What to produce.
A faithful copy is required: retype the records from their first line through the line with "Complete the Farm", and omit the pictures.

Records to process.
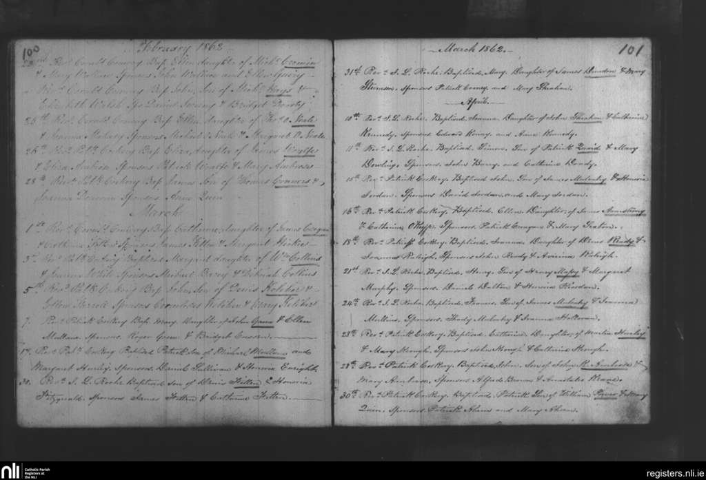 Newcastle West; County of Limerick; Diocese of Limerick. Baptisms, Feb. 1862 to Apr. 1862
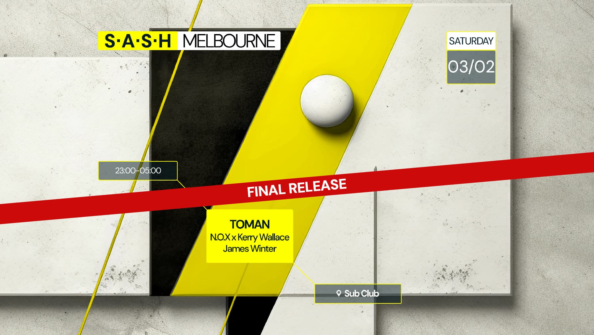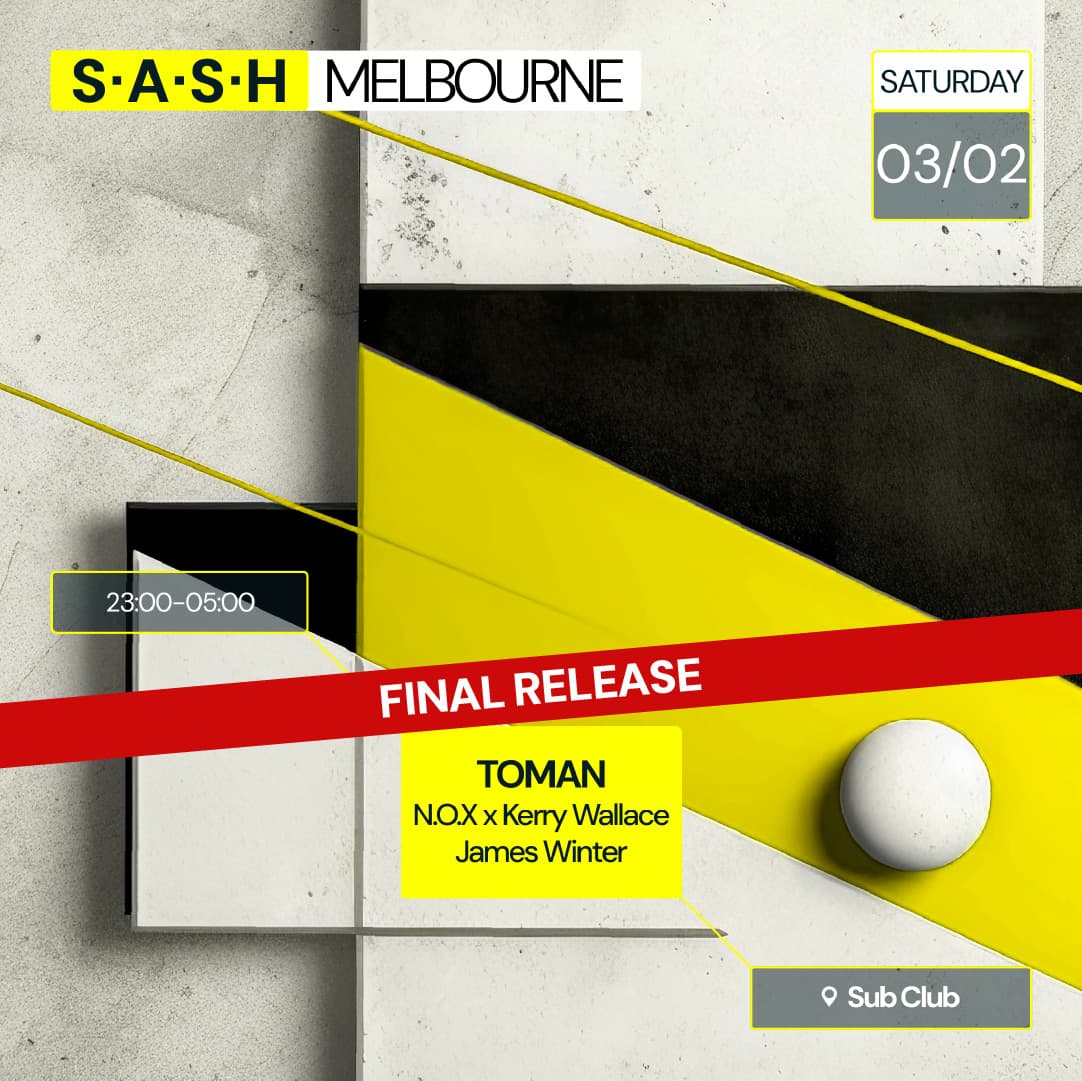 ★ S.A.S.H Melbourne ★ TOMAN ★ Saturday 3rd Feb ★ Subclub ★ FINAL RELEASE
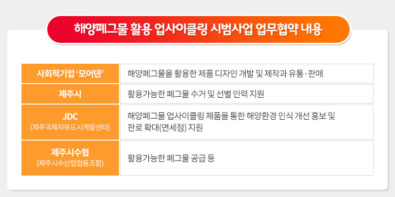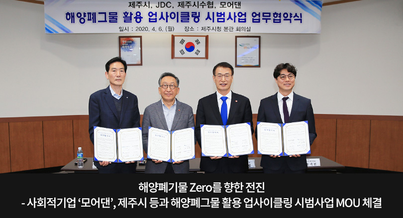 이 자리에는 고희범 제주시장, JDC 문대림 이사장, 제주시수협 김성보 조합장, 모어댄 최이현 대표가 참석했으며, 이번 업무 협약으로 모어댄을 포함한 4자는 제주 해양폐기물 문제에 적극적으로 대응하고 해양환경을 개선하는데 유기적으로 협력할 예정이다.
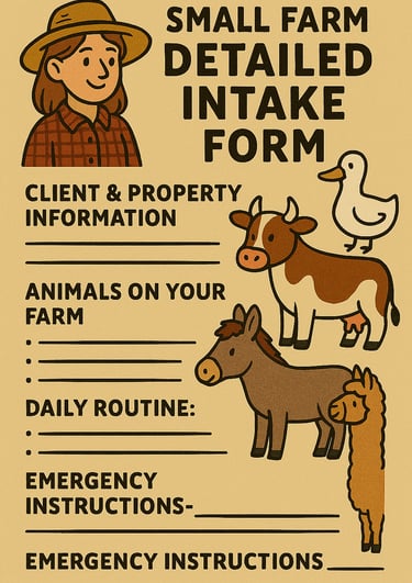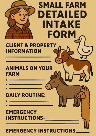 Complete the Farm sitting request form, Schedule a meet and greet, and Detailed intake form
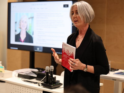 Auch der folgende Vortrag von Prof. Dr. Mairéad Pratschke, international tätige KI-Strategin und Beraterin in den Bereichen Strategie, Governance und Bildung, unterstrich die Notwendigkeit, aktiv mit Künstlicher Intelligenz zu arbeiten. Verbote seien unrealistisch, entscheidend sei vielmehr der zügige Start einer Strategie, ohne auf vermeintlich perfekte Rahmenbedingungen zu warten. Zugleich hob sie hervor, dass insbesondere eine digitale und agile Institution wie die FernUni Schweiz gute Voraussetzungen mitbringe, um sich mit der Zukunft des Lernens auseinanderzusetzen.

Written answer.
 Newcastle West; County of Limerick; Diocese of Limerick. Baptisms, Feb. 1862 to Apr. 1862
 ★ S.A.S.H Melbourne ★ TOMAN ★ Saturday 3rd Feb ★ Subclub ★ FINAL RELEASE
 이 자리에는 고희범 제주시장, JDC 문대림 이사장, 제주시수협 김성보 조합장, 모어댄 최이현 대표가 참석했으며, 이번 업무 협약으로 모어댄을 포함한 4자는 제주 해양폐기물 문제에 적극적으로 대응하고 해양환경을 개선하는데 유기적으로 협력할 예정이다.
 Complete the Farm sitting request form, Schedule a meet and greet, and Detailed intake form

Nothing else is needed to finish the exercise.